Here you can see how the input data is normalized and quantized, and the first binarized fully-connected (here called "inner product") layer. Tools such as [Netscope](https://ethereon.github.io/netscope/#/editor) can help understand the structure of the network.

## Frontend: From Caffe to FINN IR
The frontend stage is responsible for converting QNNs trained by a variety of frameworks to the FINN intermediate representation (IR). As each framework exposes their QNN topologies through custom formats, FINN must first perform a conversion to a common IR that it knows how to process.

In [3]:
# import a trained network through the HWGQ-Caffe frontend
import FINN.frontend.frontend_hwgq as fe
imported_net = fe.importCaffeNetwork(topology, params)
imported_net

[LinearLayer,
 BipolarThresholdingLayer,
 FullyConnectedLayer,
 LinearLayer,
 LinearLayer,
 BipolarThresholdingLayer,
 FullyConnectedLayer,
 LinearLayer,
 LinearLayer,
 BipolarThresholdingLayer,
 FullyConnectedLayer,
 LinearLayer,
 LinearLayer,
 BipolarThresholdingLayer,
 FullyConnectedLayer,
 LinearLayer,
 LinearLayer]

## What functionality does the IR expose?
Let's get acquainted with what the FINN IR looks like and try to look "inside" some of the layers. As FINN is open source you could simply look at the IR source code in `FINN/core/layers.py`, but here we'll use a little helper function to investigate the exposed members and functions dynamically.


In [14]:
def showMembers(layer):
    return filter(lambda x: not x.startswith("_"), dir(layer))

In [31]:
showMembers(imported_net[2])

['W',
 'execute',
 'getInputSize',
 'getNumOps',
 'getOutputSize',
 'getParamSize',
 'getTotalInputBits',
 'getTotalOutputBits',
 'getTotalParamBits',
 'get_filter_dim',
 'get_in_dim',
 'get_out_dim',
 'get_pad',
 'get_parallel',
 'get_stride',
 'get_type',
 'ibits',
 'in_dim',
 'insize',
 'kernel',
 'obits',
 'outsize',
 'updateBitwidths',
 'wbits']

In [38]:
print("Inputs: %d, outputs: %d" % (imported_net[2].getInputSize(), imported_net[2].getOutputSize()))

Inputs: 784, outputs: 256


In fact, large parts of the FINN IR are *executable*, as you probably guessed from the `execute` function. At any point, we can generate a random vector of appropriate dimensions and pass it through this layer by calling `execute` to see what the output would be like.

In [46]:
import numpy as np
rand_inp_vec = np.random.randn(784)
ret = imported_net[2].execute(rand_inp_vec)
ret.shape

(256,)

As expected, we get an output vector of the expected size when we pass in an input vector of appropriate size for this layer.

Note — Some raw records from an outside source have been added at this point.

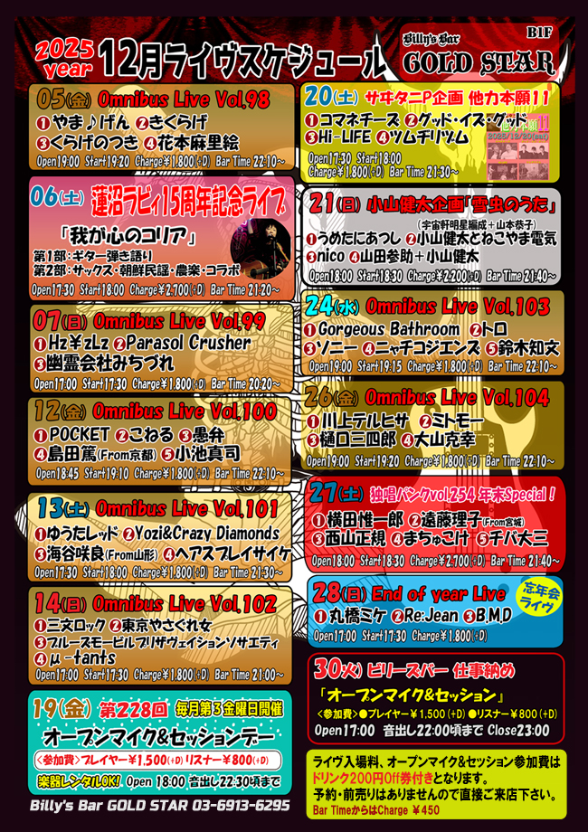 | 12 | Fri | 2025 year Omnibus Live Vol.100 【出演】 ①POCKET ②こねる ③愚弁 ④島田篤(From京都) ⑤小池真司 ■Open18:45 ■Start19:10 ■Charge¥1,800(+D) ※ドリンク200円Off券付 ■Bar Time 22:10~ ![]() |
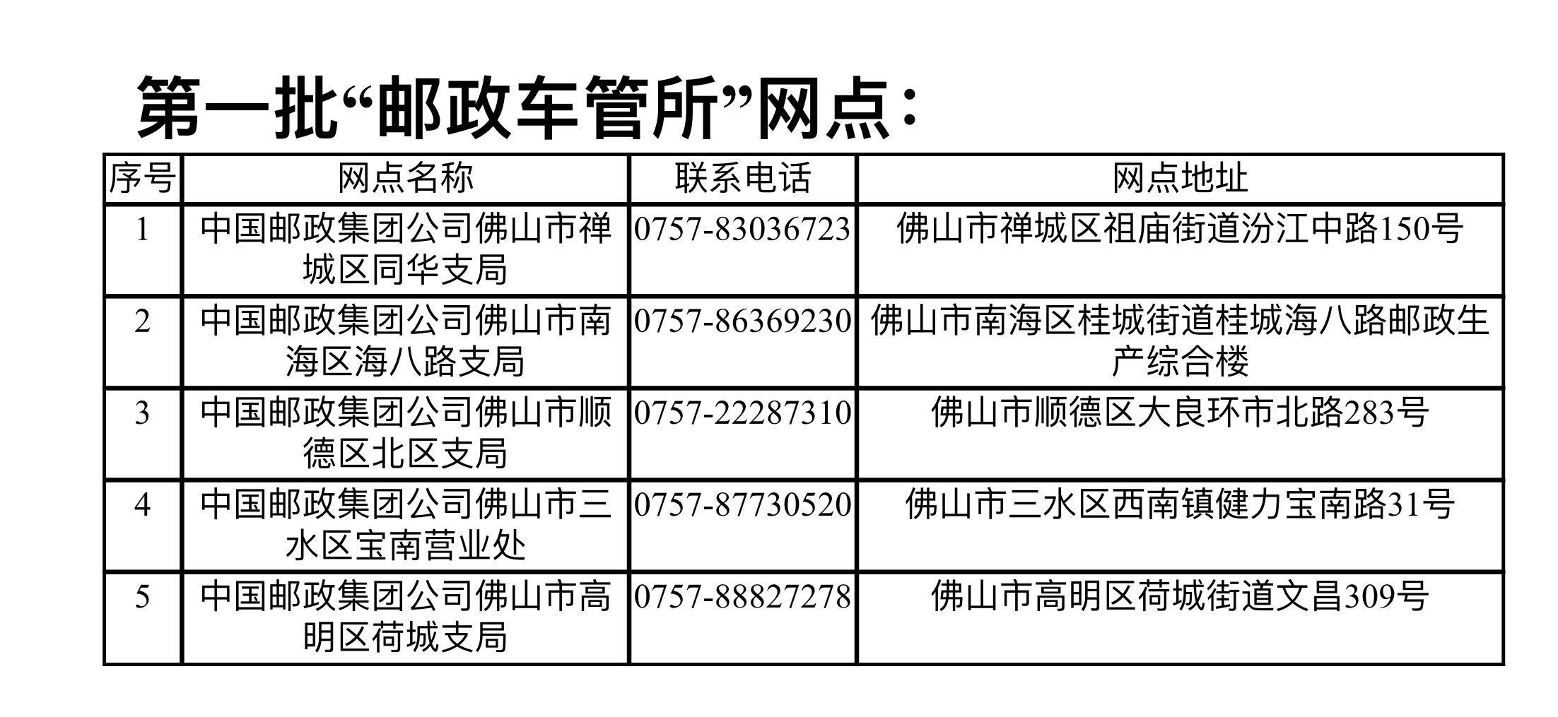 据了解,为了方便群众办事,拓展车管服务渠道,更好地满足群众多元化的办事需求,1月2日起,市公安局交警支队与佛山邮政进一步深化合作,依托全市邮政网点设立交警便民服务窗口,八大类20多项车驾管业务均可办理。
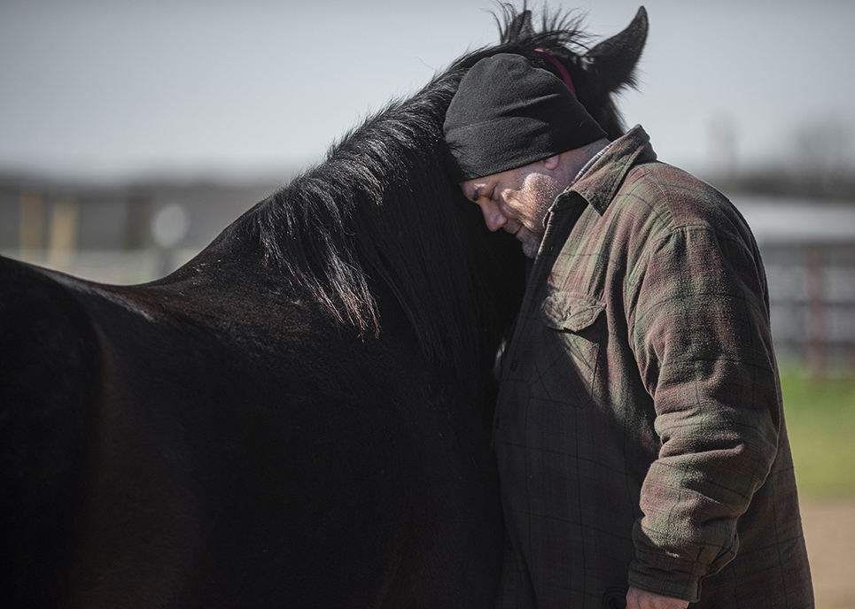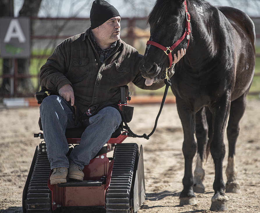 The veterans’ program at Georgetown’s Ride On Center for Kids (R.O.C.K.) has been a part of Todd’s life for five years. Under the guidance of program director Heidi Derning, he takes part in Therapeutic Horsemanship sessions every week. On a recent visit, he worked with Mooch, a 15-year-old mustang. Watching Todd work with Mooch, I can see that he is a “whisperer.” He knows how to “gentle” his four-legged friend. Before R.O.C.K., Todd explains, he used to have difficulty dealing with anger. While there are still hard times, his time at R.O.C.K. has done wonders.
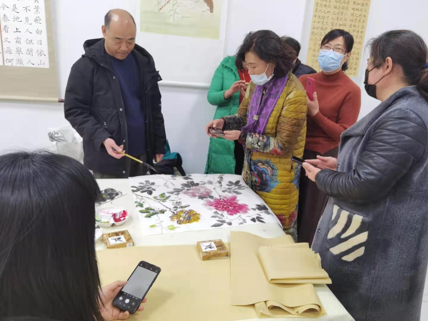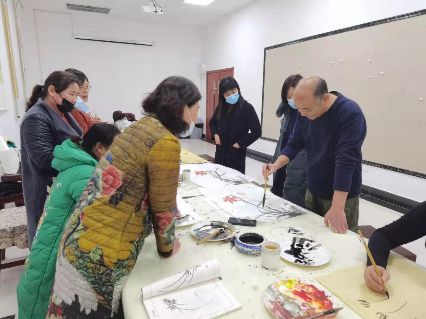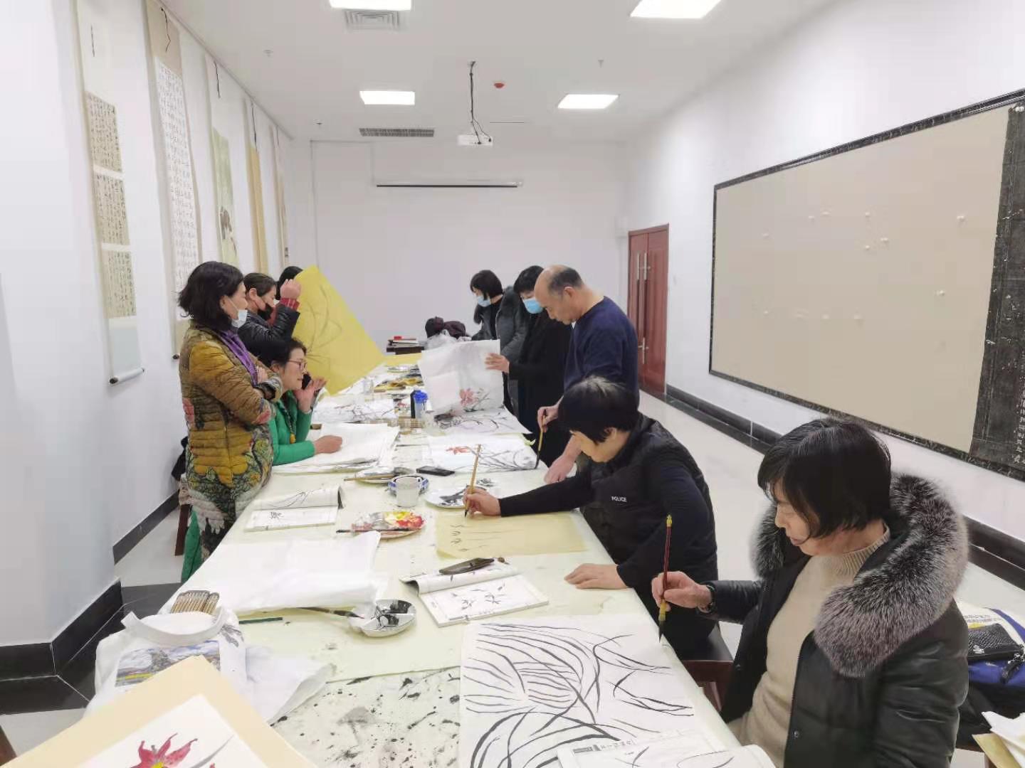 这一期活动是王院长的美术课,活动绘画的主题是菊花。王院长亲自作画示范让大家观摩和欣赏,在完成作品的同时,又一笔一划的讲解,增进大家对书画作品画里画外创作过程的了解和理解;同时书画老师和书画爱好者们相互交流绘画技巧,感受中国传统文化的书画灵动空间。
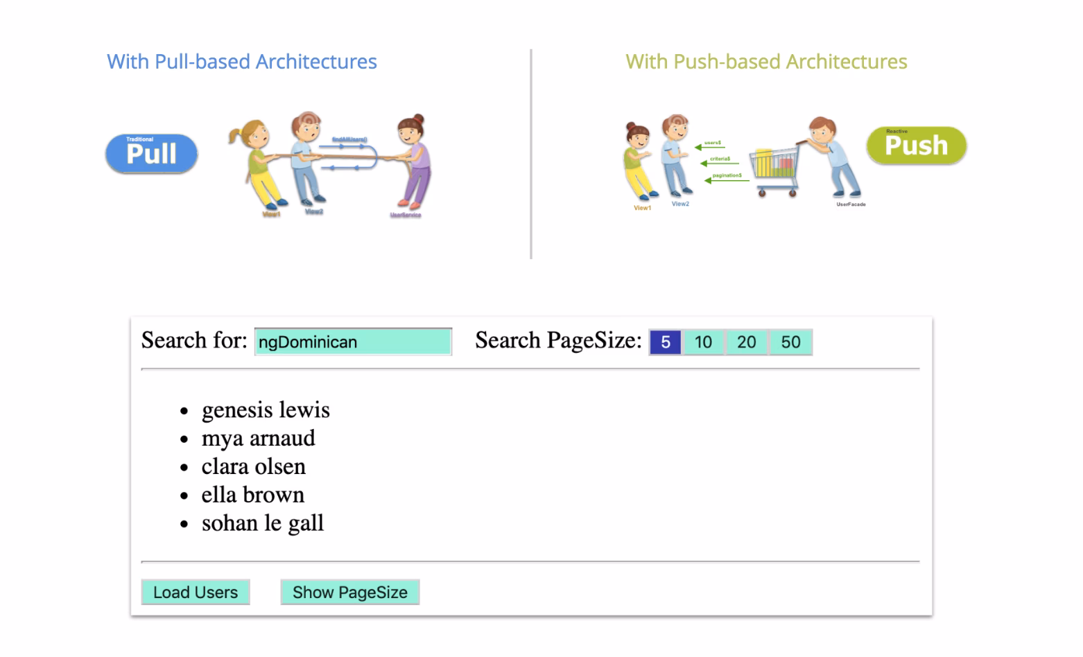 In a traditional pull-based approach, you would click the button, in the click handler, invoke a function on your service passing the new pagination value, get back a stream and re-bind it to your list. Moreover, think about what this opens up for you. If your server is able to handle websockets or server sent events, you can actively even push down new data as other users change them.

## The Streamlining Transform

You may have noticed that our imported network contains a bunch of `LinearLayer` instances with floating point parameters (which is currently indicated in FINN IR as 32 bits), like this one:



In [48]:
print("Layer type: %s weight bits: %d" % (imported_net[3].get_type(), imported_net[3].wbits))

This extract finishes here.